I do not think that Barron’s front page headline in this week’s magazine accurately reflects Howard Marks’ thinking.

Marks’ latest full-length memo (he is famous for his memos) seems to be a LOT more cautious and a LOT less sanguine about markets, especially debt markets, than the above headline. That memo, published on January 7, 2013, is titled “Ditto” to reflect that he feels the same way about exuberent behavior in credit markets today as he did right before the credit crisis unfolded.

The memo can be found in the Value Investing Resource section in the right margin, but I will quote a little of it here and leave Marks’ original emphasis:

Risk and Return Today (2013):
“…Sober attitudes on the part of investors should be a source of comfort, since in normal times we would expect them to bring down asset prices to the point where they’re attractive. The problem, however, is that while few people are thinking bullish today, many are acting bullish. Their pro-risk behavior is having its normal dangerous impact on the markets, even in the absence of pro-risk thinking. I’ve become increasingly conscious of this inconsistency in recent months, and I think it is the most important issue that today’s investors have to confront.

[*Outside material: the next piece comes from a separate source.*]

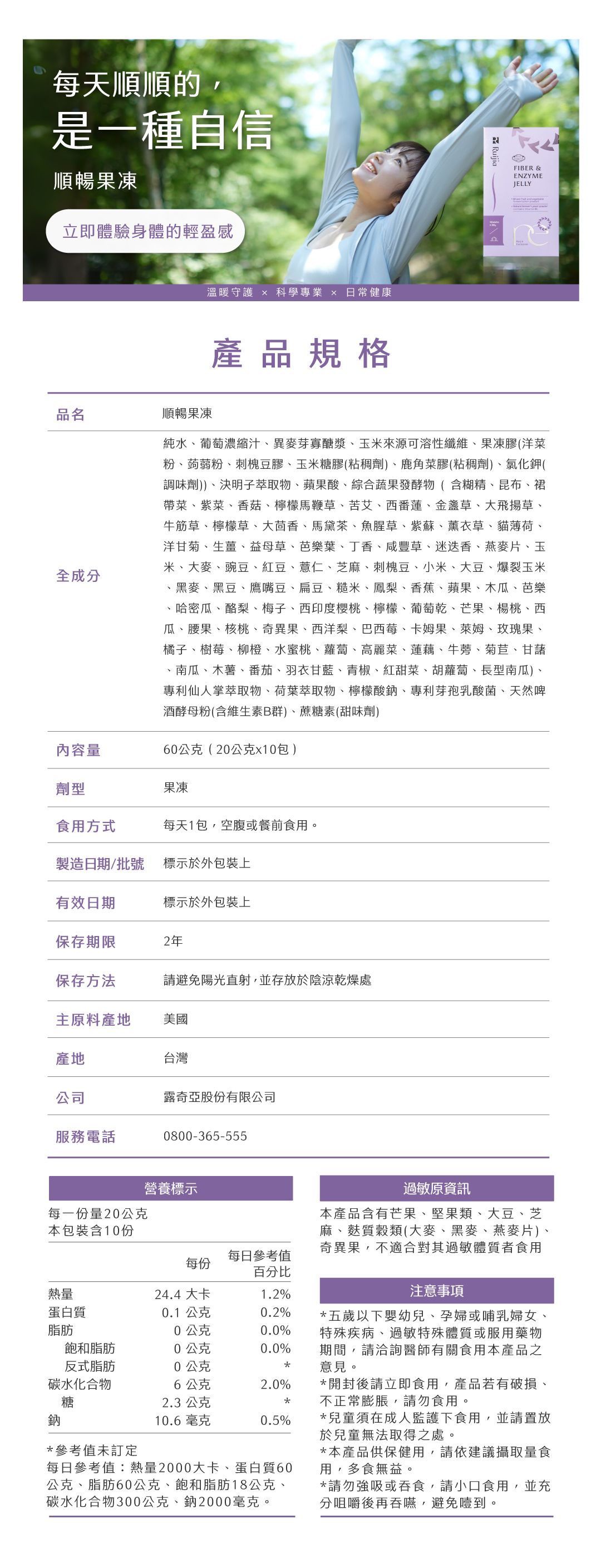 內容物:純水、葡萄濃縮汁、異麥芽寡醣漿、玉米來源可溶性纖維、果凍膠(洋菜粉、蒟蒻粉、刺槐豆膠、玉米糖膠(粘稠劑)、鹿角菜膠(粘稠劑)、氯化鉀(調味劑))、決明子萃取物、蘋果酸、綜合蔬果發酵物(含糊精、昆布、裙帶菜、紫菜、香菇、檸檬馬鞭草、苦艾、西番蓮、金盞草、大飛揚草、牛筋草、檸檬草、大茴香、馬黛茶、魚腥草、紫蘇、薰衣草、貓薄荷、洋甘菊、生薑、益母草、芭樂葉、丁香、咸豐草、迷迭香、燕麥片、玉米、大麥、豌豆、紅豆、薏仁、芝麻、刺槐豆、小米、大豆、爆裂玉米、黑麥、黑豆、鷹嘴豆、扁豆、糙米、鳳梨、香蕉、蘋果、木瓜、芭樂、哈密瓜、酪梨、梅子、西印度櫻桃、檸檬、葡萄乾、芒果、楊桃、西瓜、腰果、核桃、奇異果、西洋梨、巴西莓、卡姆果、萊、玫瑰果、橘子、樹莓、柳橙、水蜜桃、蘿蔔、高麗菜、蓮藕、牛蒡、菊苣、甘藷、南瓜、木薯、番茄、羽衣甘藍、青椒、紅甜菜、胡蘿蔔、長型南瓜)、專利仙人掌萃取物、荷葉萃取物、檸檬酸鈉、專利芽孢乳酸菌、天然啤酒酵母粉(含維生素B群)、蔗糖素(甜味劑)

…People aren’t buying because they want to, but because they feel they have to.”

Marks then writes a section he titled ”Getting Rid of Money” in which he lists an alarming number of current market behaviors driven by the policies of the Federal Reserve:

“Regardless of the reason, things are happening again today–especially in the credit world–that are indicative of an elevated, risk-prone market…”

Such as:

“Total new issue leveraged-finance volume–loans and high yield bonds–reached a new high of $812 billion in 2012…surpassing by 20% the previous record set in pre-crisis 2007…”

…I find it remarkable that the average high yield bond offers only about 6% today. Daily I see my partner Sheldon Stone selling callable bonds at prices of 110 and 115 because their yields to call or yields to worst start with numbers–’handles’–of 3 or 4 percent…I’ve never seen anything like it.”

 He lists several more examples, too. Marks’ conclusion:

“In 2004, as cited above, I stated the following conclusion: ‘There are times for aggressiveness. I think this is a time for caution. Here as 2013 begins, I have only one word to add: ditto.”

“The greatest of all investment adages states that ‘what the wise man does in the beginning, the fool does in the end.’ The wise man invested aggressively in late 2008 and early 2009. I believe only the fool is doing so now. Today, in place of aggressiveness, the challenging search for return should incorporate goodly doses of risk control, caution, discipline and selectivity.”

Wow: “Things are happening again today…that are indicative of an elevated, risk-prone market” and “…only a fool is (investing aggressively) now.” Could the impression left by that statement made by Marks only two months ago be farther from the impression that the Barron’s cover leaves this week?